Work required =>
Among the records that follow, set down only the lines from the one containing "12月9日,2025一带一路" to the one containing "Vínová kožešinová podšitá", both included, exactly.

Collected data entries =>
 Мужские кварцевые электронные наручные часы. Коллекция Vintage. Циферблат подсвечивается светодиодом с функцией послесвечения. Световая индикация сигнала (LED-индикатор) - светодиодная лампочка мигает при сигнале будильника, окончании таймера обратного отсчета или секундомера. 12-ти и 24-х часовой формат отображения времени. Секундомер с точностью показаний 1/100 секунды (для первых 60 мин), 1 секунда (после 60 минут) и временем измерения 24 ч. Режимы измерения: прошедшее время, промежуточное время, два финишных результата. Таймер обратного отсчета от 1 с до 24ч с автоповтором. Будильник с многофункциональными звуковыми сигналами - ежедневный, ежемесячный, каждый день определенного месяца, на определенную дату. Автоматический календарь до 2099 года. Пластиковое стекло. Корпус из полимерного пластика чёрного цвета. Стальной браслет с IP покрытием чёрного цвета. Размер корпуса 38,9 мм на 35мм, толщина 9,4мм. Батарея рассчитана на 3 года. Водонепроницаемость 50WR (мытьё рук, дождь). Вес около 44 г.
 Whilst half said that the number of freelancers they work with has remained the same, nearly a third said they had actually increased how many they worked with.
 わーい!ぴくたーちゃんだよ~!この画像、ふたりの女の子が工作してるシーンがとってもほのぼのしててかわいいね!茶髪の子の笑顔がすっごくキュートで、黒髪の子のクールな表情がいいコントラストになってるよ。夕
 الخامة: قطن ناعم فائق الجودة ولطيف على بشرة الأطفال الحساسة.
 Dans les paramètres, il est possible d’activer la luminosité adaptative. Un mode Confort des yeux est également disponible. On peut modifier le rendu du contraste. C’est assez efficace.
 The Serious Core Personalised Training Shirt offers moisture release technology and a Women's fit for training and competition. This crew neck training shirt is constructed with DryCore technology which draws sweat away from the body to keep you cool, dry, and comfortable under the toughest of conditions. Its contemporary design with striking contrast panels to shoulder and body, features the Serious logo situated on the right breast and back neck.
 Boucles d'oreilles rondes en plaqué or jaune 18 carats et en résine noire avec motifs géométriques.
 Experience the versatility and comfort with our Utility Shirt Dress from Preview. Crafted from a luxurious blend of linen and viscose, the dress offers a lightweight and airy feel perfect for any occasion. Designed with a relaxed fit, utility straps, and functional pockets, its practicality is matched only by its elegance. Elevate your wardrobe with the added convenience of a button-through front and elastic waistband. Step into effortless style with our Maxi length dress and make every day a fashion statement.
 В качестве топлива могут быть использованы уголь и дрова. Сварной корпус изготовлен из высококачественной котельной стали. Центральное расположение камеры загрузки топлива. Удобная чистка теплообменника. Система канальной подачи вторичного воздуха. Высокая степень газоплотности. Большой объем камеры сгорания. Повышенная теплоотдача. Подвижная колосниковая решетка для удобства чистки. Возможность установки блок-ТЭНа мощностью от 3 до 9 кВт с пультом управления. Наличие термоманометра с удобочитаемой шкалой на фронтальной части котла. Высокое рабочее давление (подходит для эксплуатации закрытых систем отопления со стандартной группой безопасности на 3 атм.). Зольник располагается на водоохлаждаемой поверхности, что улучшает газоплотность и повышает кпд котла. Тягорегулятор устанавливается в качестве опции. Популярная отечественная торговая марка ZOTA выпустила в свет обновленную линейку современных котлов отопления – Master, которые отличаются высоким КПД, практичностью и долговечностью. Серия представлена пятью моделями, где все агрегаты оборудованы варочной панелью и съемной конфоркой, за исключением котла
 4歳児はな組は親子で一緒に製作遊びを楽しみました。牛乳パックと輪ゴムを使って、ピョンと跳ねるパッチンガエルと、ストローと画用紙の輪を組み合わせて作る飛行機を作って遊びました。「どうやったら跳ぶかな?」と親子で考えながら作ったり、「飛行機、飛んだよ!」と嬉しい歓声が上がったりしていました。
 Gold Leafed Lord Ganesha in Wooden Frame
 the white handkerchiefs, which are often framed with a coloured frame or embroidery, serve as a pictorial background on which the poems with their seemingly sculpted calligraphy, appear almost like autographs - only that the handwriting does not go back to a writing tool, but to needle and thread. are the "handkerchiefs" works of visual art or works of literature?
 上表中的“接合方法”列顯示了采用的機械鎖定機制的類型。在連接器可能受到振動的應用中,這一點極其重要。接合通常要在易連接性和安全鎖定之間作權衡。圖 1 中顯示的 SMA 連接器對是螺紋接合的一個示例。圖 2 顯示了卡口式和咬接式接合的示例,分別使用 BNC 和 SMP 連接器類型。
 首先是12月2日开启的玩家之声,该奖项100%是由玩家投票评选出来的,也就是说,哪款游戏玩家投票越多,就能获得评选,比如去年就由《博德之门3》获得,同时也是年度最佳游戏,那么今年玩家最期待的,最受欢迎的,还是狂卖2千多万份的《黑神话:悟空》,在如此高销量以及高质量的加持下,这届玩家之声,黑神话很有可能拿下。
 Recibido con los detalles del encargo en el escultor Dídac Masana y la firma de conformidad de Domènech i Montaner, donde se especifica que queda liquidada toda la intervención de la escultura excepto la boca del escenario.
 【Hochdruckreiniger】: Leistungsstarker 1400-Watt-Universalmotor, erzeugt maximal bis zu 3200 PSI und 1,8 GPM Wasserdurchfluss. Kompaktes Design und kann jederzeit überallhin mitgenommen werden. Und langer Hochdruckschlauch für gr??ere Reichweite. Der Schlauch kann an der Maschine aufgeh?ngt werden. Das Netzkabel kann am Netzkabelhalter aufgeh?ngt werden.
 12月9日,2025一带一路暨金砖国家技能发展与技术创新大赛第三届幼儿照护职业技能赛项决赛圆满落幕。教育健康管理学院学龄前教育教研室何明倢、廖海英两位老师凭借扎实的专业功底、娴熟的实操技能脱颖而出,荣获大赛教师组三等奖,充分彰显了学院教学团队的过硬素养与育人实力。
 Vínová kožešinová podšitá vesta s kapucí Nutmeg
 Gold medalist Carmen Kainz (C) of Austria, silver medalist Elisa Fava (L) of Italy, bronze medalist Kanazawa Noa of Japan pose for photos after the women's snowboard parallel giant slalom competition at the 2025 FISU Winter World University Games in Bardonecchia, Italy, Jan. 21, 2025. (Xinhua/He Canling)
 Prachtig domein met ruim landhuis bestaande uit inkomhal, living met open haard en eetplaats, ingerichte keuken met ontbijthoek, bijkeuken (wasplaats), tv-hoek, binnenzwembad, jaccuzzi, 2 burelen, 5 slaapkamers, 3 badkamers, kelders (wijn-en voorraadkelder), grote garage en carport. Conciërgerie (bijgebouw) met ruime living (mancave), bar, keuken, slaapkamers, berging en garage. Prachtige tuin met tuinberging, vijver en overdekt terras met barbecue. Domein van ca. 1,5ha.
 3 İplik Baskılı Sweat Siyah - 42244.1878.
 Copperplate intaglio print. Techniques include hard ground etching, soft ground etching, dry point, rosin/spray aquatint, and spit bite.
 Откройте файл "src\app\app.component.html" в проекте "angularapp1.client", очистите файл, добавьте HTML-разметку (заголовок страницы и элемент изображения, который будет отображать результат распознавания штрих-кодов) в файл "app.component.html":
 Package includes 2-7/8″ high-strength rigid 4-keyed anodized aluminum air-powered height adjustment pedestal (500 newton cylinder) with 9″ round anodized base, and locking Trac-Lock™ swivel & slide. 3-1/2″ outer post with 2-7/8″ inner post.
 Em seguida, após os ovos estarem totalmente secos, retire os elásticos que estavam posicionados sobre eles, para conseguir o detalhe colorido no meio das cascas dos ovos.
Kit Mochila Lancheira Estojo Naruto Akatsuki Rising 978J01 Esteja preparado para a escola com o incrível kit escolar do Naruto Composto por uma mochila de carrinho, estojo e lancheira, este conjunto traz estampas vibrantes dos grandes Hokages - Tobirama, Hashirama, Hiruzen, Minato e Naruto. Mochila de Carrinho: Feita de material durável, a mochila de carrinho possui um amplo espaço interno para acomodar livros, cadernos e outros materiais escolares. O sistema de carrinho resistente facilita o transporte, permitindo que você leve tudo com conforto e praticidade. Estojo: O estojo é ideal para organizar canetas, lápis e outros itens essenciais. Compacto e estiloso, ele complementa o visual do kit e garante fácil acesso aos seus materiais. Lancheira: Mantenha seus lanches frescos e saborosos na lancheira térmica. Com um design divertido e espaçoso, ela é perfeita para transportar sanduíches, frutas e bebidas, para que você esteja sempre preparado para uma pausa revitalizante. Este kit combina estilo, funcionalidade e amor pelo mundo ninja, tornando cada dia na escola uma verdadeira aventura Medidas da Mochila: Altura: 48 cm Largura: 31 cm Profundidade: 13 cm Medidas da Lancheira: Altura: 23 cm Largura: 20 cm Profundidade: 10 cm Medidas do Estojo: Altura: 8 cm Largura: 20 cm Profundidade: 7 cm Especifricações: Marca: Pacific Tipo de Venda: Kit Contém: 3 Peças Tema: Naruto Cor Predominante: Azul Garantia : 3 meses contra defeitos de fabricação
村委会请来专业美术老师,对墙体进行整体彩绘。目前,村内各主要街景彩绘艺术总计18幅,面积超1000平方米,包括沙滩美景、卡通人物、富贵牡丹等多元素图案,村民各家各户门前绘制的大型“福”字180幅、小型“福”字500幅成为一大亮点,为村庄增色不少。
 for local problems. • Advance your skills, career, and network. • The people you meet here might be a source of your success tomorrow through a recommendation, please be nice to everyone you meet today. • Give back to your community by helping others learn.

The answer =>
 12月9日,2025一带一路暨金砖国家技能发展与技术创新大赛第三届幼儿照护职业技能赛项决赛圆满落幕。教育健康管理学院学龄前教育教研室何明倢、廖海英两位老师凭借扎实的专业功底、娴熟的实操技能脱颖而出,荣获大赛教师组三等奖,充分彰显了学院教学团队的过硬素养与育人实力。
 Vínová kožešinová podšitá vesta s kapucí Nutmeg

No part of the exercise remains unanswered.